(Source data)
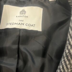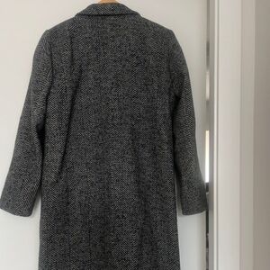 Black and White Houndstooth, single breasted with single button. Hits just below the knee.
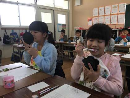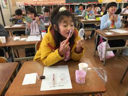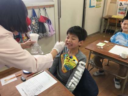 虫歯になる原因=しこう、について教えてもらい、どれくらい磨き残しがあるのかをチェックしました。歯が赤く染まるところに磨き残しが。。1回目のチェックは、みんな真っ赤でしたよ。その後、赤く染まったところを念入りに歯磨きしました。
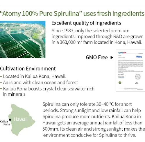 Atomy 100% Pure Spirulina is a natural health product with essential nutrients including protein, carbohydrates, lipid, dietary fiber, vitamins, minerals, and antioxidants.
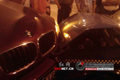 5月31日晚9時左右,長沙市韶山南路砂子塘路段發生一起車禍,一輛寶馬越野車在拐彎時走錯車道,逆行與一輛等紅燈的的士相撞后,推著的士前進了近20米,導致包括的士車在內的5車連環追尾。
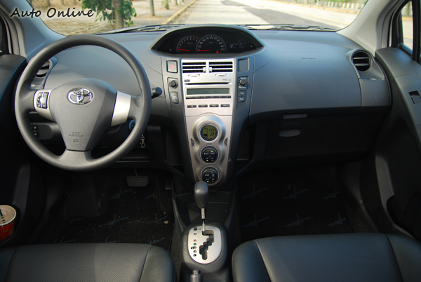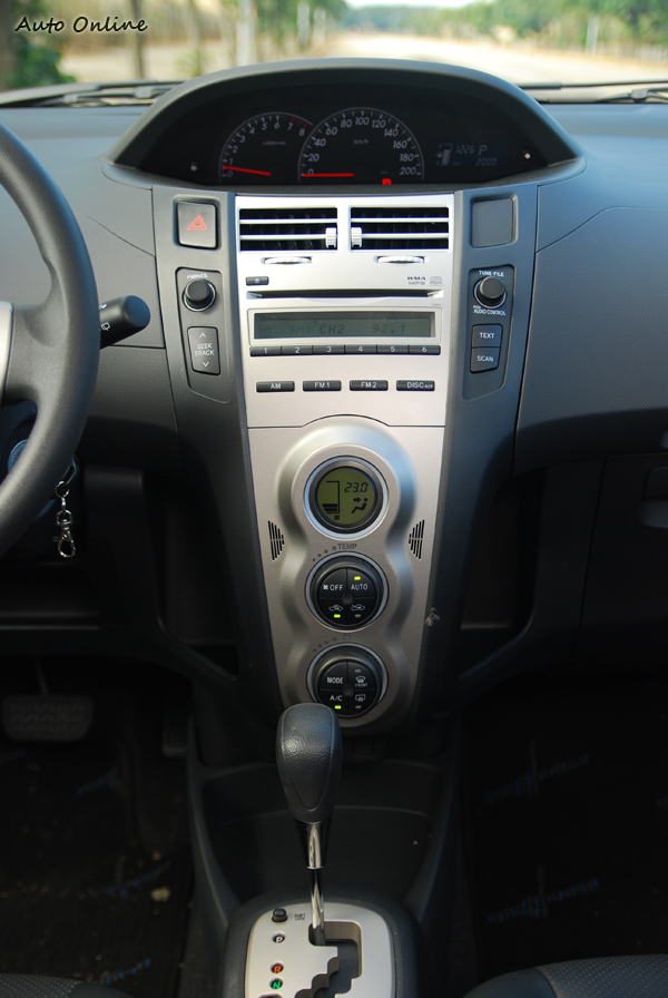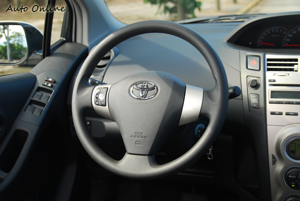 Yaris在內裝陳設上與March較為類似,無論是旋鈕或是視窗都是圓滾滾的模樣。但畢竟Yaris推出有一段時間了,長條型的中控台就現在的標準來看是有些單調,不過依舊屬於水準內的設計。
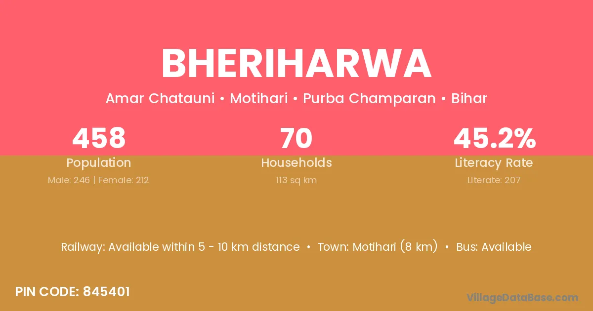 Narkatiyaganj (25 km) is the nearest town to Bheriharwa village for major economic activities and is located approximately 25 km away.
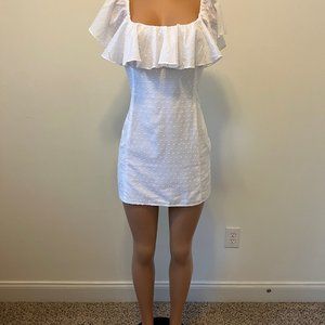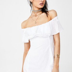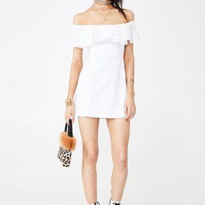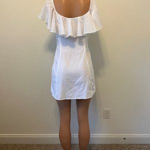 Simply irresistible. Features a ruffled top that can be worn on or off the shoulder. Fully lined, with a super slimming waist, hidden side zipper closure, and a slightly flared mini length. Vanessa Mooney uses batches of limited, vintage, or upcycled fabrics, sustainably made & sustainably sourced. Each small production is made with a unique batch of recycled fabrics. The fabrics will differ slightly in color, thickness & weight due to the varying vintage lots we choose to produce with. The detail, thought & intention behind every piece of clothing made is to bring you a unique timeless, versatile, but truly limited style you can feel gorgeous in. At the same time doing our part to help this beautiful planet of ours. Made from a vintage Cotton Blend Dry Clean Only Designed in Los Angeles Approximate Measurements Made While Laying Flat: Dress Length: 24” front (top of neckline to bottom hemline) Bottom Width: 22” Top Width: 16 3/4” (bottom of armpit to armpit) Waist Width: 14” (smallest width on dress) Questions? Offers? Comment below!!

§ **Task**
Give back exactly, and solely, the section of the data above bounded by the line containing "虫歯になる原因=しこう、につ" and the line containing "Narkatiyaganj (25 km)", both bounding lines included and pictures omitted.

§ **Result**
 虫歯になる原因=しこう、について教えてもらい、どれくらい磨き残しがあるのかをチェックしました。歯が赤く染まるところに磨き残しが。。1回目のチェックは、みんな真っ赤でしたよ。その後、赤く染まったところを念入りに歯磨きしました。
 Atomy 100% Pure Spirulina is a natural health product with essential nutrients including protein, carbohydrates, lipid, dietary fiber, vitamins, minerals, and antioxidants.
 5月31日晚9時左右,長沙市韶山南路砂子塘路段發生一起車禍,一輛寶馬越野車在拐彎時走錯車道,逆行與一輛等紅燈的的士相撞后,推著的士前進了近20米,導致包括的士車在內的5車連環追尾。
 Yaris在內裝陳設上與March較為類似,無論是旋鈕或是視窗都是圓滾滾的模樣。但畢竟Yaris推出有一段時間了,長條型的中控台就現在的標準來看是有些單調,不過依舊屬於水準內的設計。
 Narkatiyaganj (25 km) is the nearest town to Bheriharwa village for major economic activities and is located approximately 25 km away.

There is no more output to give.